▶ [How to complete this task]: A verbatim restatement of the data, free of pictures, is what you should output.

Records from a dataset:
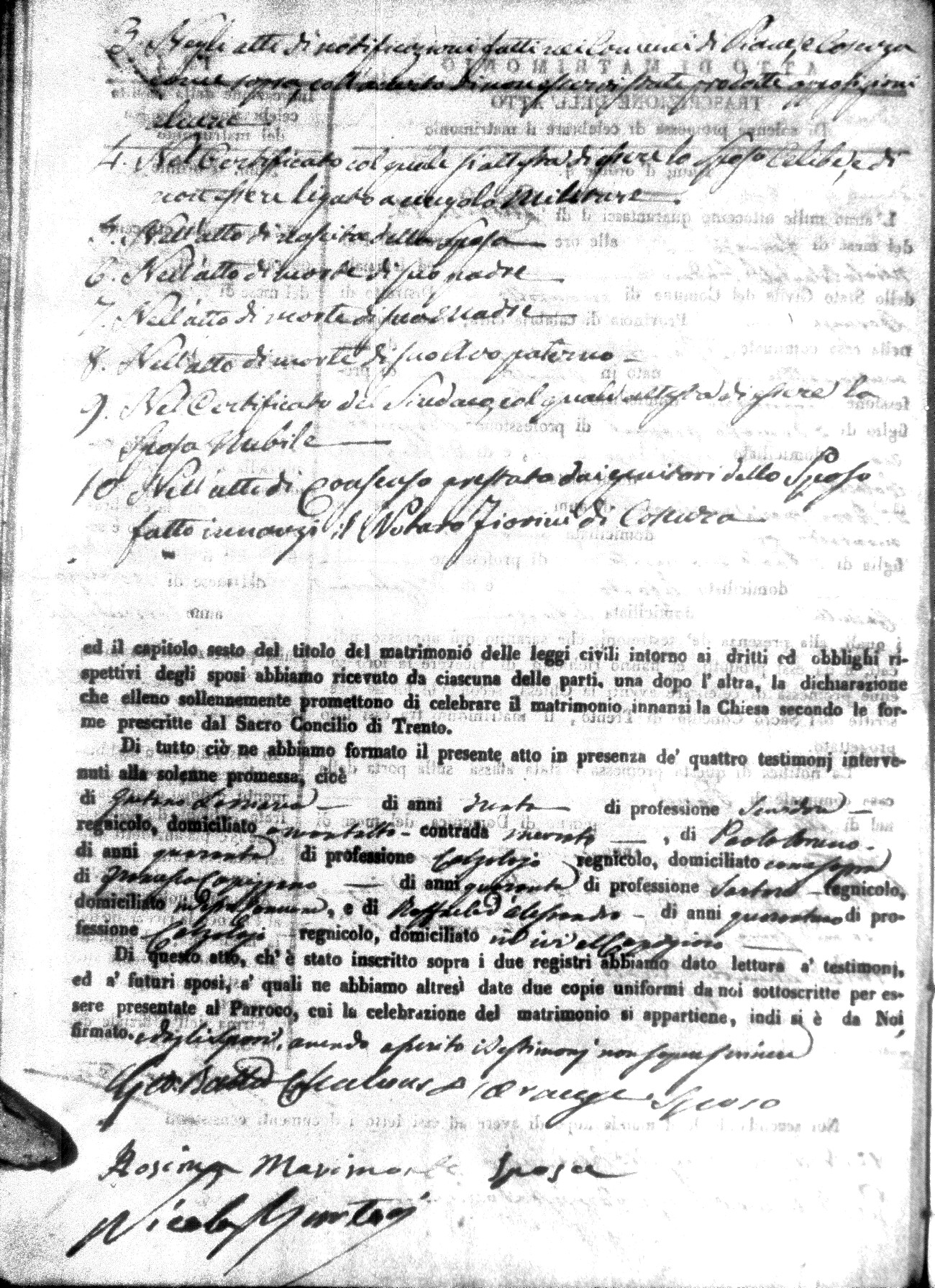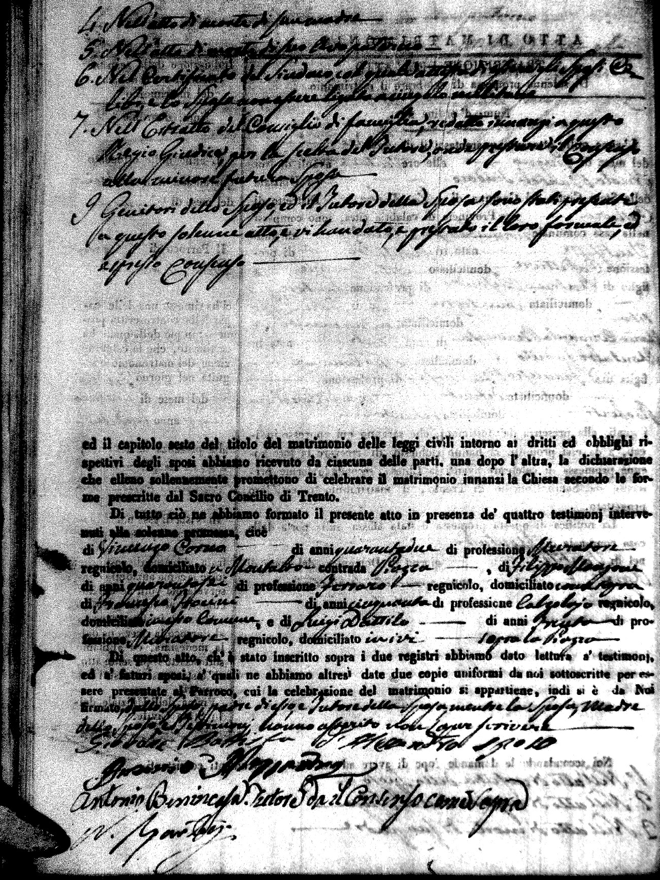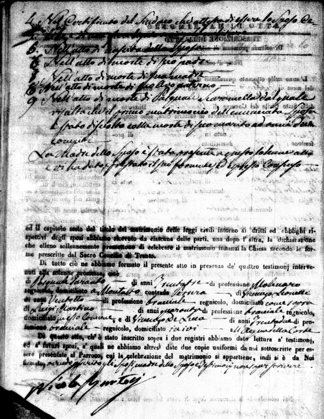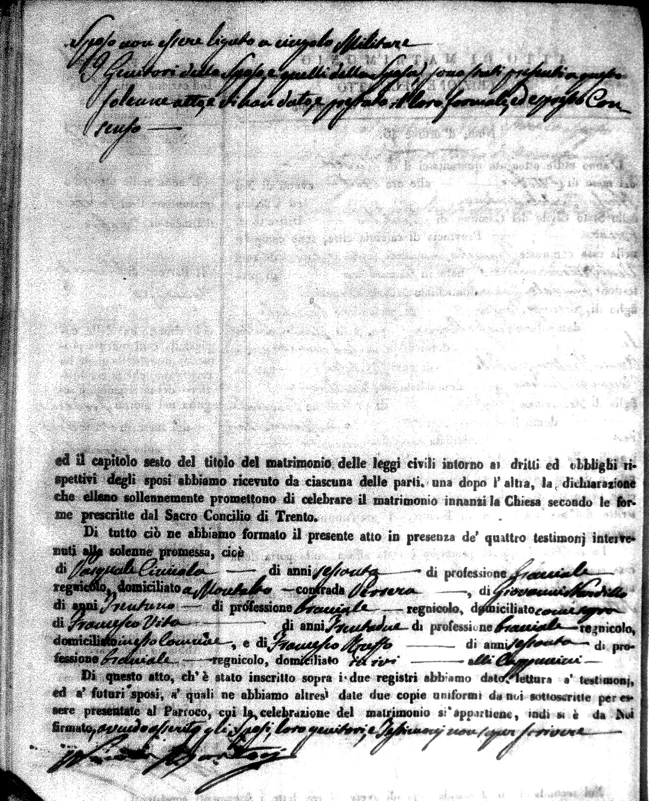 | Marchese | Antonio | Giuseppe (fu) | Alfano | Teresa | Corno | Chiara Maria | Saverio (fu) | Fuoco | Maddalena (fu) |
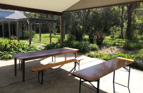 Luxurious accomodation only 5 minutes to Myall Lake and 15 minutes to the beautiful beaches of Seal Rocks and Blueys. This is a rural location that is very private, quiet and surround by trees and local wildlife. You will feel in touch with nature.
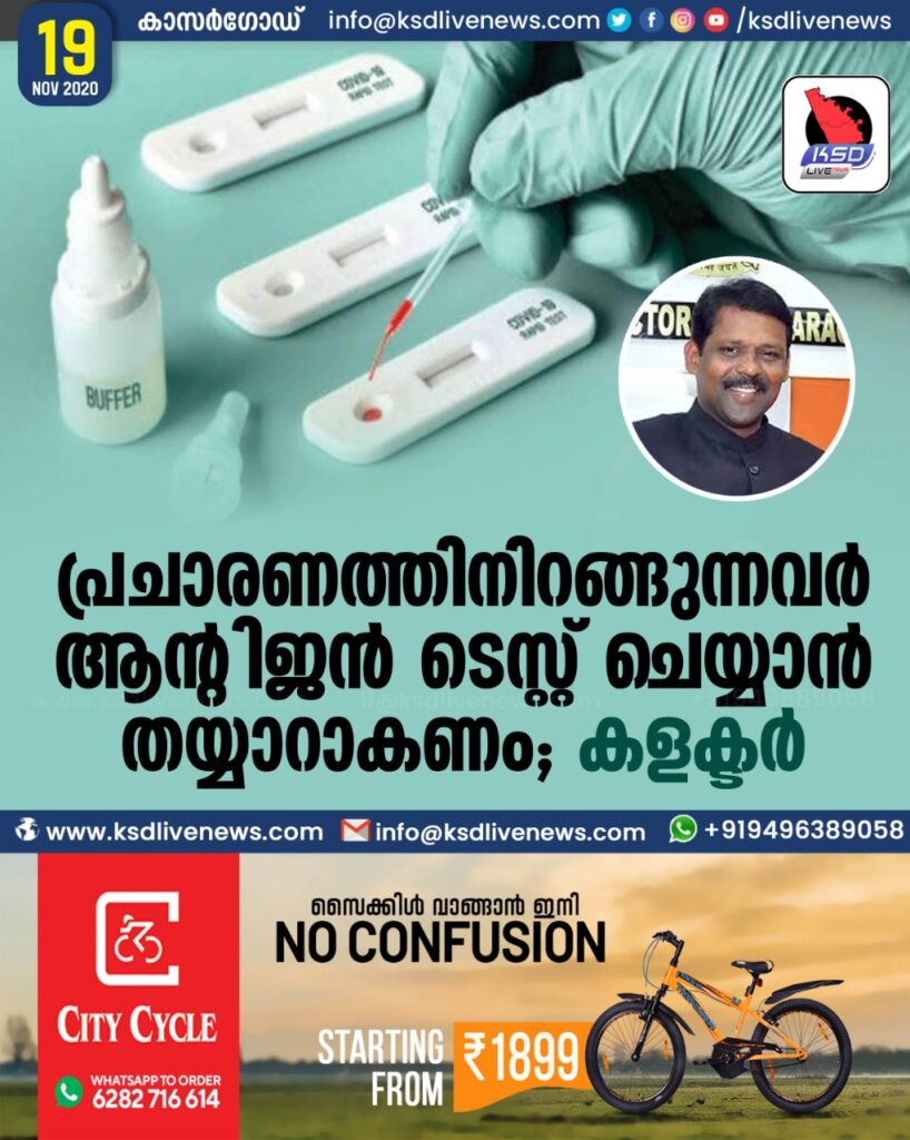 പ്രചാരണത്തിനിറങ്ങുന്നവർ ആന്റിജൻ ടെസ്റ്റ് ചെയ്യാൻ തയ്യാറാകണം ; കളക്ടർ
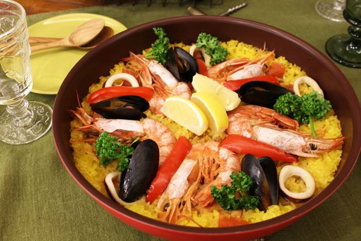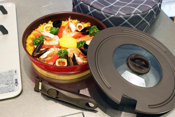深い設計なので、パエリア作りにも最適。作ったあとは、取っ手を外してテーブルに置くと、このとおり! なかなか見栄えもいい感じです
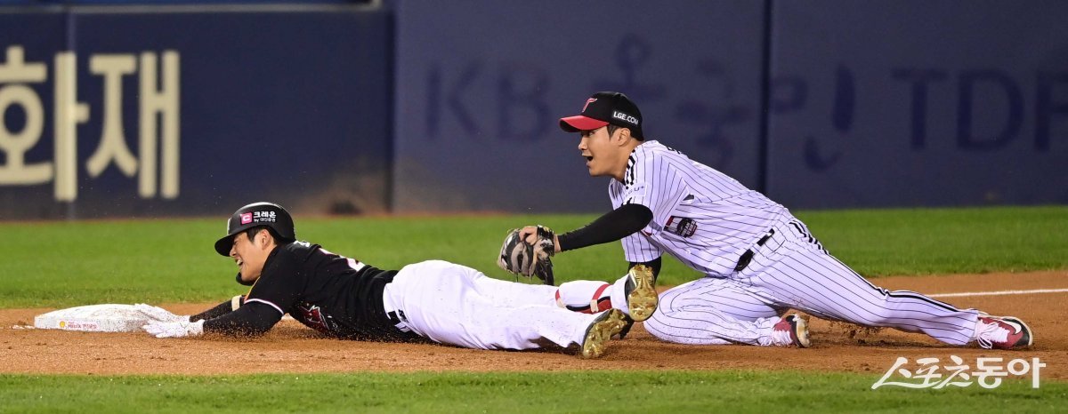 8일 서울 잠실야구장에서 열린 ‘2023 KBO 포스트시즌’ LG 트윈스와 KT 위즈의 한국시리즈 2차전 경기에서 2회초 1사 KT 조용호가 좌전 2루타를 치고 3루로 파고들었지만 LG 3루수 문보경에게 태그 아웃당하고 있다.
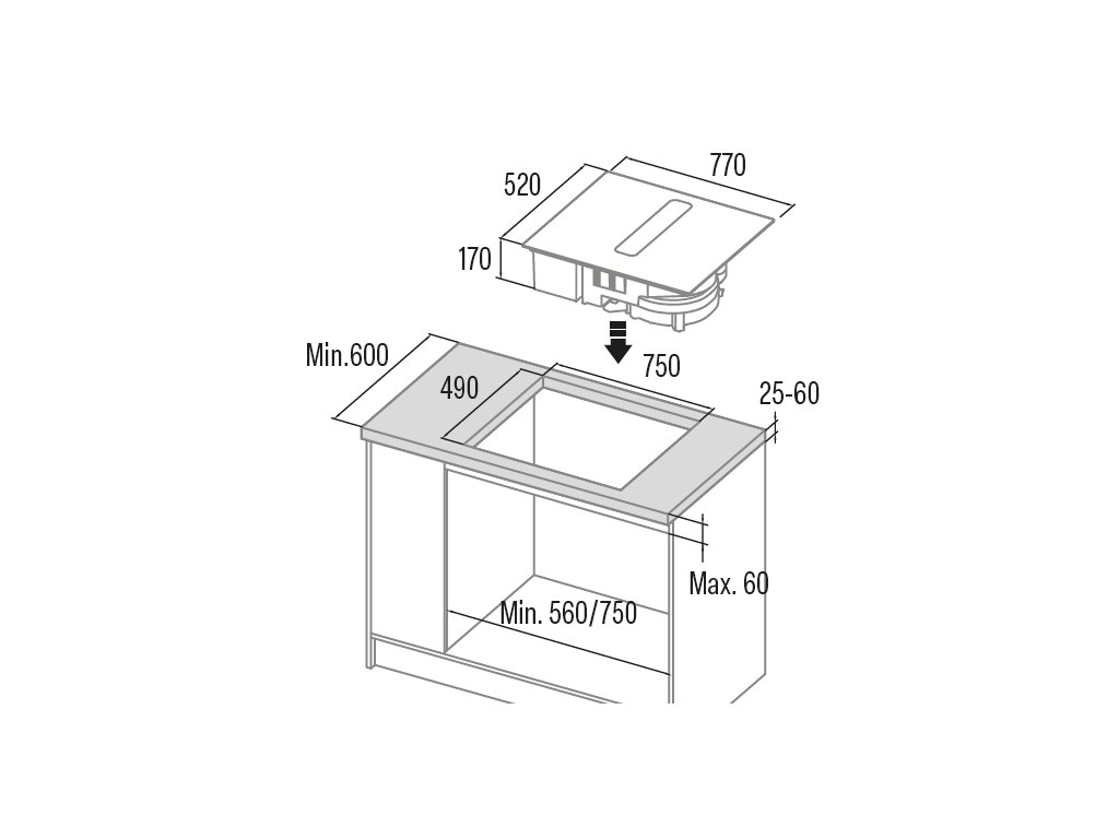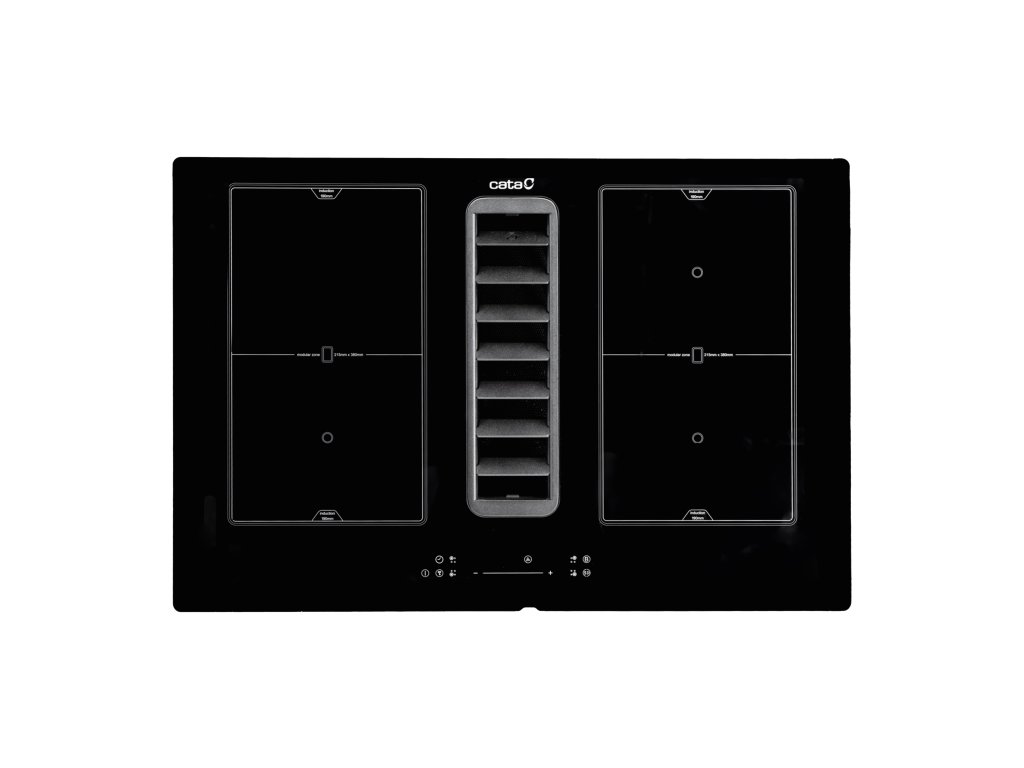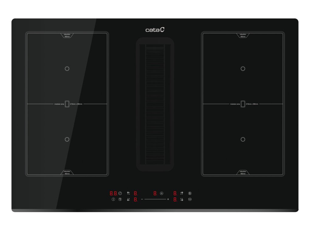 CATA IAS 7024 je špičková elektrická indukční varná deska s vestavěným odsavačem par, která kombinuje elegantní design s inovativními technologiemi pro moderní kuchyni. Klíčové vlastnosti: - Extrémně nízká – jen 17 cm (technologie FLOW-IN): Pod varnou deskou mohou být umístěné běžné kuchyňské zásuvky pro nádobí. - Intuitivní ovládání: Deska je vybavena senzorovým (dotykovým) ovládáním Mono Slider pro snadnou a přesnou regulaci. - Vysoký výkon: Celkový výkon 7,4 kW zajišťuje rychlé a efektivní vaření. - 4 varné zóny s funkcí BOOSTER: Všechny čtyři varné zóny disponují funkcí BOOSTER (rychlého ohřevu) pro okamžité dosažení požadované teploty. - Bezpečnostní prvky: Indikátor zbytkového tepla, dětská pojistka, pojistka proti přehřátí a automatické vypnutí se zvukovým signálem po 20 sekundách nečinnosti zajišťují maximální bezpečnost. - G4 indukční technologie: Powermanagement s možností nastavení pro různé typy zapojení a hodnoty jističů. Plynulé řízení výkonu. - Modulární (FLEX) indukční zóny: Možnost propojení varných zón pro vytvoření větších varných ploch (dvě zóny 215x190 mm nebo jedna zóna 215x380 mm na každé straně desky) poskytuje flexibilitu při vaření s velkými hrnci, pánvemi nebo grilovacími deskami. - Automatické funkce: Deska disponuje automatickou detekcí hrnců a funkcemi vaření, jako je rozmrazování, udržování teploty a vaření v páře. Časovače pro každou zónu. - Integrovaný odsavač par: S maximálním průtokem vzduchu 691 m³/h, dotykovým ovládáním s 5+1 TURBO nastaveními a nízkou hlučností v rozmezí 50 až 74 dB(A). Bezkartáčový motor zajišťuje tišší provoz, vyšší účinnost, přesné elektronické řízení, delší životnost a menší produkci tepla. Automatické řízení výkonu digestoře podle nastavených stupňů na jednotlivých varných zónách s možností přepnutí na manuální volbu výkonu. - Více možností odvodu par: Při recirkulačním provozu lze páry odvést dozadu skrz zadní stěnu skříňky do volného prostoru nebo skrz zadní prostor a prostor pod skříňkami dopředu ve spodní části skříňky nebo skrz zadní prostor do volného prostoru po bocích skříňky. Případně lze výdech digestoře připojit na odtahové potrubí. - Snadná údržba: Pro recirkulační provoz možnost volby základního jednorázového uhlíkového filtru s životností až 1 rok nebo vyjímatelných a regenerovatelnýché keramických voštinových filtrů (použitelné 3-5 let při pravidelné regeneraci). Regenerovatelné keramické filtry jsou dodávané zdarma s novým výrobkem. Snadno vyjímatelné kovové tukové filtry a omyvatelná nádržka na sběr tekutin obojí s možností mytí v myčce. Indukční deska 4 varné zóny: Pravá přední – rozměr 21,5 cm x 19 cm / 2,3 kW (Booster 3 kW) Pravá zadní – rozměr 21,5 cm x 19 cm / 2,2 kW (Booster 2,6 kW) Levá přední – rozměr 21,5 cm x 19 cm / 2,3 kW (Booster 3 kW) Levá zadní – rozměr 21,5 cm x 19 cm / 2,2 kW (Booster 2,6 kW) Možnost vytvoření 2 zdvojených zón o rozměrech 21,5 cm x 38 cm / 3,7 kW Dotykové ovládání s akustickou signalizací (Mono Slider) 9 nastavitelných úrovní výkonu + BOOSTER Funkce časovače pro každou zónu Funkce minutky Automatická detekce pánve Dětská pojistka Indikátor zbytkového tepla Automatické bezpečnostní vypnutí Přední zkosení (fazeta) Šíře 77 cm Odsavač par Dotykové ovládání s akustickou signalizací s funkcí časovače5 rychlostí + TURBO Sací výkon (dle UNE/EN 61591): 232 m3/h – 498 m3/h (Turbo 691 m3/h) Hlučnost (dle Reg.(EU) 65/2014): 50 dB(A) – 69 dB(A) (Turbo 74 dB(A)) Tichý bezkartáčový (BRUSHLESS) motor. Maximální příkon motoru 165 W Doběhový časovač Indikátor zanešení filtrů Snadná instalace Tukové filtry lze mýt v myčce Energetická třída A+Doplňkové parametry
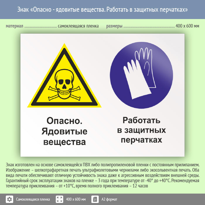 Знак «Опасно - ядовитые вещества. Работать в защитных перчатках», КЗ-43 (пленка, 600х400 мм) в Москве купить
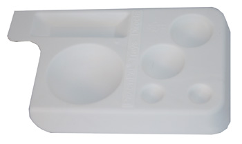 Engångsbricka med fördjupningar för vätskor passar i Multiblock men kan även användas separat.

▶ [Finished task]:
 | Marchese | Antonio | Giuseppe (fu) | Alfano | Teresa | Corno | Chiara Maria | Saverio (fu) | Fuoco | Maddalena (fu) |
 Luxurious accomodation only 5 minutes to Myall Lake and 15 minutes to the beautiful beaches of Seal Rocks and Blueys. This is a rural location that is very private, quiet and surround by trees and local wildlife. You will feel in touch with nature.
 പ്രചാരണത്തിനിറങ്ങുന്നവർ ആന്റിജൻ ടെസ്റ്റ് ചെയ്യാൻ തയ്യാറാകണം ; കളക്ടർ
深い設計なので、パエリア作りにも最適。作ったあとは、取っ手を外してテーブルに置くと、このとおり! なかなか見栄えもいい感じです
 8일 서울 잠실야구장에서 열린 ‘2023 KBO 포스트시즌’ LG 트윈스와 KT 위즈의 한국시리즈 2차전 경기에서 2회초 1사 KT 조용호가 좌전 2루타를 치고 3루로 파고들었지만 LG 3루수 문보경에게 태그 아웃당하고 있다.
 CATA IAS 7024 je špičková elektrická indukční varná deska s vestavěným odsavačem par, která kombinuje elegantní design s inovativními technologiemi pro moderní kuchyni. Klíčové vlastnosti: - Extrémně nízká – jen 17 cm (technologie FLOW-IN): Pod varnou deskou mohou být umístěné běžné kuchyňské zásuvky pro nádobí. - Intuitivní ovládání: Deska je vybavena senzorovým (dotykovým) ovládáním Mono Slider pro snadnou a přesnou regulaci. - Vysoký výkon: Celkový výkon 7,4 kW zajišťuje rychlé a efektivní vaření. - 4 varné zóny s funkcí BOOSTER: Všechny čtyři varné zóny disponují funkcí BOOSTER (rychlého ohřevu) pro okamžité dosažení požadované teploty. - Bezpečnostní prvky: Indikátor zbytkového tepla, dětská pojistka, pojistka proti přehřátí a automatické vypnutí se zvukovým signálem po 20 sekundách nečinnosti zajišťují maximální bezpečnost. - G4 indukční technologie: Powermanagement s možností nastavení pro různé typy zapojení a hodnoty jističů. Plynulé řízení výkonu. - Modulární (FLEX) indukční zóny: Možnost propojení varných zón pro vytvoření větších varných ploch (dvě zóny 215x190 mm nebo jedna zóna 215x380 mm na každé straně desky) poskytuje flexibilitu při vaření s velkými hrnci, pánvemi nebo grilovacími deskami. - Automatické funkce: Deska disponuje automatickou detekcí hrnců a funkcemi vaření, jako je rozmrazování, udržování teploty a vaření v páře. Časovače pro každou zónu. - Integrovaný odsavač par: S maximálním průtokem vzduchu 691 m³/h, dotykovým ovládáním s 5+1 TURBO nastaveními a nízkou hlučností v rozmezí 50 až 74 dB(A). Bezkartáčový motor zajišťuje tišší provoz, vyšší účinnost, přesné elektronické řízení, delší životnost a menší produkci tepla. Automatické řízení výkonu digestoře podle nastavených stupňů na jednotlivých varných zónách s možností přepnutí na manuální volbu výkonu. - Více možností odvodu par: Při recirkulačním provozu lze páry odvést dozadu skrz zadní stěnu skříňky do volného prostoru nebo skrz zadní prostor a prostor pod skříňkami dopředu ve spodní části skříňky nebo skrz zadní prostor do volného prostoru po bocích skříňky. Případně lze výdech digestoře připojit na odtahové potrubí. - Snadná údržba: Pro recirkulační provoz možnost volby základního jednorázového uhlíkového filtru s životností až 1 rok nebo vyjímatelných a regenerovatelnýché keramických voštinových filtrů (použitelné 3-5 let při pravidelné regeneraci). Regenerovatelné keramické filtry jsou dodávané zdarma s novým výrobkem. Snadno vyjímatelné kovové tukové filtry a omyvatelná nádržka na sběr tekutin obojí s možností mytí v myčce. Indukční deska 4 varné zóny: Pravá přední – rozměr 21,5 cm x 19 cm / 2,3 kW (Booster 3 kW) Pravá zadní – rozměr 21,5 cm x 19 cm / 2,2 kW (Booster 2,6 kW) Levá přední – rozměr 21,5 cm x 19 cm / 2,3 kW (Booster 3 kW) Levá zadní – rozměr 21,5 cm x 19 cm / 2,2 kW (Booster 2,6 kW) Možnost vytvoření 2 zdvojených zón o rozměrech 21,5 cm x 38 cm / 3,7 kW Dotykové ovládání s akustickou signalizací (Mono Slider) 9 nastavitelných úrovní výkonu + BOOSTER Funkce časovače pro každou zónu Funkce minutky Automatická detekce pánve Dětská pojistka Indikátor zbytkového tepla Automatické bezpečnostní vypnutí Přední zkosení (fazeta) Šíře 77 cm Odsavač par Dotykové ovládání s akustickou signalizací s funkcí časovače5 rychlostí + TURBO Sací výkon (dle UNE/EN 61591): 232 m3/h – 498 m3/h (Turbo 691 m3/h) Hlučnost (dle Reg.(EU) 65/2014): 50 dB(A) – 69 dB(A) (Turbo 74 dB(A)) Tichý bezkartáčový (BRUSHLESS) motor. Maximální příkon motoru 165 W Doběhový časovač Indikátor zanešení filtrů Snadná instalace Tukové filtry lze mýt v myčce Energetická třída A+Doplňkové parametry
 Знак «Опасно - ядовитые вещества. Работать в защитных перчатках», КЗ-43 (пленка, 600х400 мм) в Москве купить
 Engångsbricka med fördjupningar för vätskor passar i Multiblock men kan även användas separat.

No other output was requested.